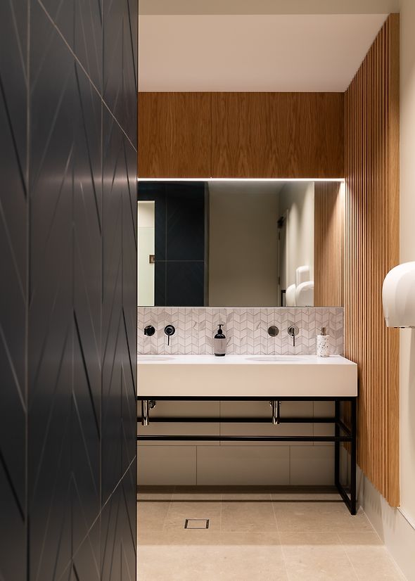 The internal spaces continued the biophilic approach with careful attention to texture, appreciation of the changing light through the day, and the connection of interior and exterior spaces.
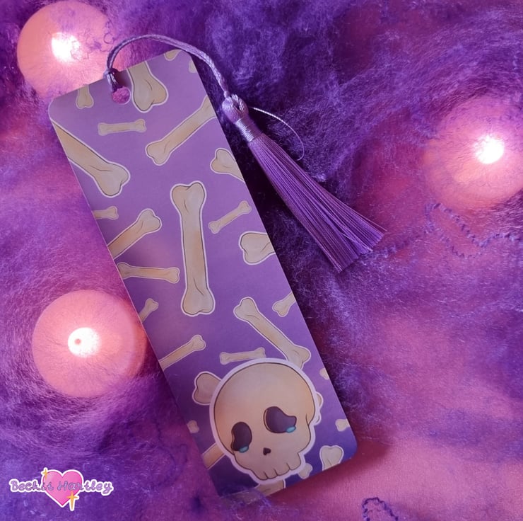 Featuring original crying skull and bone illustrations, a colour co-ordinating tassel, a high quality matte finish and approximately 15.3cm x 5.1cm in size, this bookmark is a perfect placeholder.
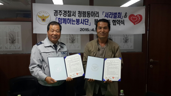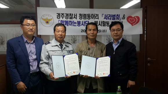 경주경찰서 청렴동아리 서라벌회는 29일(수) 경찰서 청문감사관실에서 민간 봉사단체인 『함께하는 봉사단(단장 김원주)』과 봉사활동 업무협약을 맺었다. 경주경찰서 청렴동아리 서라벌회(박종목 성건파출소장)는 경주경찰서 경찰관 및 일반직 직원 40여명으로 구성된 봉사활동 동아리로, 지난 2010년부터 소외계층 무료급식을 비롯해 장애인 및 기초수급자 가정 연탄배달 등 다양한 자체 봉사활동을 벌였다. 박종목 청렴동아리회장은, 이번 협약을 통해 소외계층 배려에 민관이 따로 없다는 공감대를 형성하고, 어려운 이웃에게는 좀 더 전문적이고 필요한 도움을 줄 수 있을 것으로 기대 된다고 말했다. 한편,『함께하는 봉사단』은 지난 2007년12월에 경주김씨 봉사단으로 출발한 순수 민간 봉사단체로, 20여명의 회원들은 전기, 설비 등 전문직과 일반 회사원 및 공무원으로 구성돼 있고, 매월 독거노인 등 저소득 가정 한곳을 선정해 주거환경 개선 사업을 하며 현재까지 80여가구에 도움을 주었다.
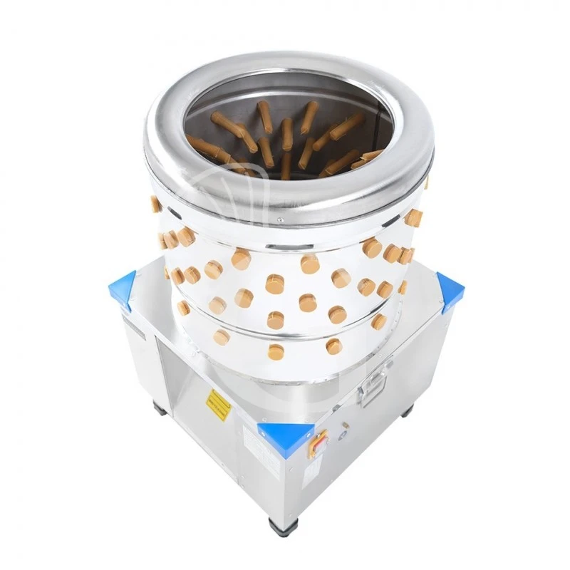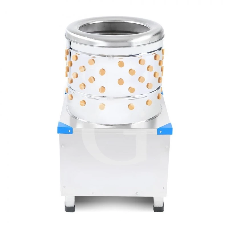 La spiumatrice automatica ha una robusta struttura in acciaio inox con tamburo fisso dotato di 116 dita in gomma naturale. I materiali di costruzione sono facili da pulire e rendono anche il macchinario semplice nella manutenzione.
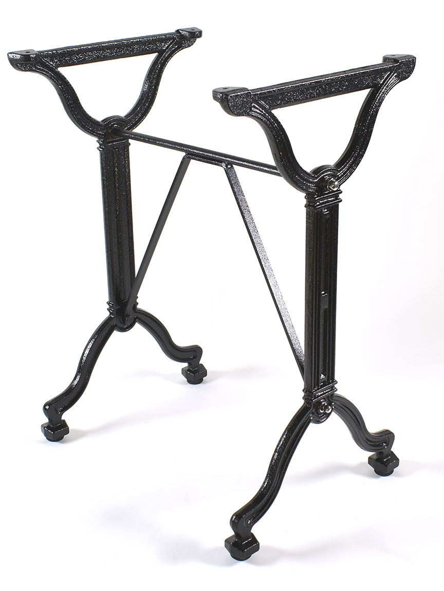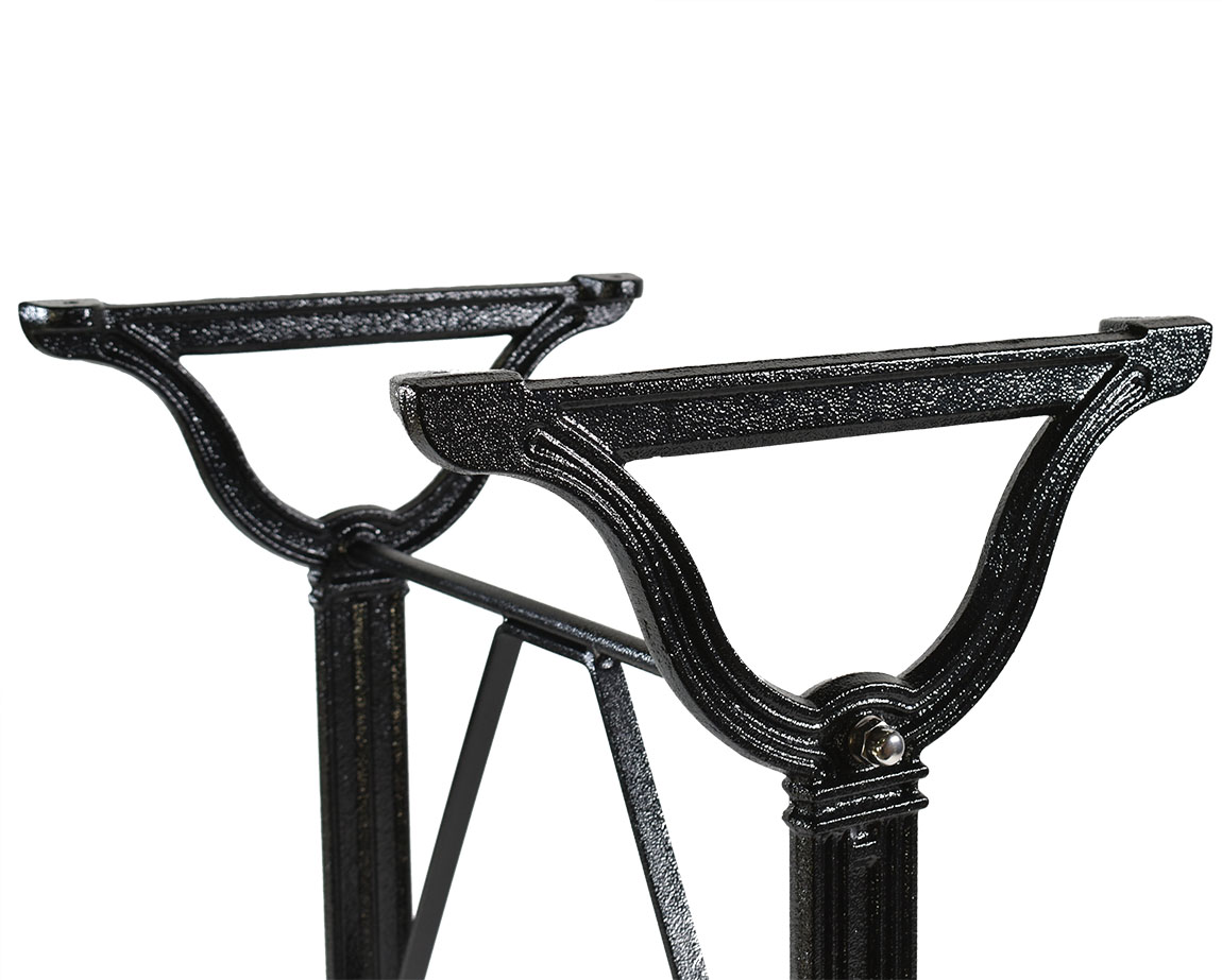 Gietijzer tafelonderstel model retro small. Dit onderstel is 71 cm hoog, 52 cm lang en 38 cm breed. Het onderstel is voorzien van steldoppen en is weerbestendig. Op het onderstel kan een rond, vierkant of rechthoekig tafelblad geplaatst worden. Dik klassieke gietijzeren tafelonderstel wordt veel gebruikt in de horeca en is geschikt voor zowel binnen als buiten gebruik.

-------

> TASK BRIEF: Each entry above should be given again exactly, with its pictures omitted.

> SOLUTION:
 The internal spaces continued the biophilic approach with careful attention to texture, appreciation of the changing light through the day, and the connection of interior and exterior spaces.
 Featuring original crying skull and bone illustrations, a colour co-ordinating tassel, a high quality matte finish and approximately 15.3cm x 5.1cm in size, this bookmark is a perfect placeholder.
 경주경찰서 청렴동아리 서라벌회는 29일(수) 경찰서 청문감사관실에서 민간 봉사단체인 『함께하는 봉사단(단장 김원주)』과 봉사활동 업무협약을 맺었다. 경주경찰서 청렴동아리 서라벌회(박종목 성건파출소장)는 경주경찰서 경찰관 및 일반직 직원 40여명으로 구성된 봉사활동 동아리로, 지난 2010년부터 소외계층 무료급식을 비롯해 장애인 및 기초수급자 가정 연탄배달 등 다양한 자체 봉사활동을 벌였다. 박종목 청렴동아리회장은, 이번 협약을 통해 소외계층 배려에 민관이 따로 없다는 공감대를 형성하고, 어려운 이웃에게는 좀 더 전문적이고 필요한 도움을 줄 수 있을 것으로 기대 된다고 말했다. 한편,『함께하는 봉사단』은 지난 2007년12월에 경주김씨 봉사단으로 출발한 순수 민간 봉사단체로, 20여명의 회원들은 전기, 설비 등 전문직과 일반 회사원 및 공무원으로 구성돼 있고, 매월 독거노인 등 저소득 가정 한곳을 선정해 주거환경 개선 사업을 하며 현재까지 80여가구에 도움을 주었다.
 La spiumatrice automatica ha una robusta struttura in acciaio inox con tamburo fisso dotato di 116 dita in gomma naturale. I materiali di costruzione sono facili da pulire e rendono anche il macchinario semplice nella manutenzione.
 Gietijzer tafelonderstel model retro small. Dit onderstel is 71 cm hoog, 52 cm lang en 38 cm breed. Het onderstel is voorzien van steldoppen en is weerbestendig. Op het onderstel kan een rond, vierkant of rechthoekig tafelblad geplaatst worden. Dik klassieke gietijzeren tafelonderstel wordt veel gebruikt in de horeca en is geschikt voor zowel binnen als buiten gebruik.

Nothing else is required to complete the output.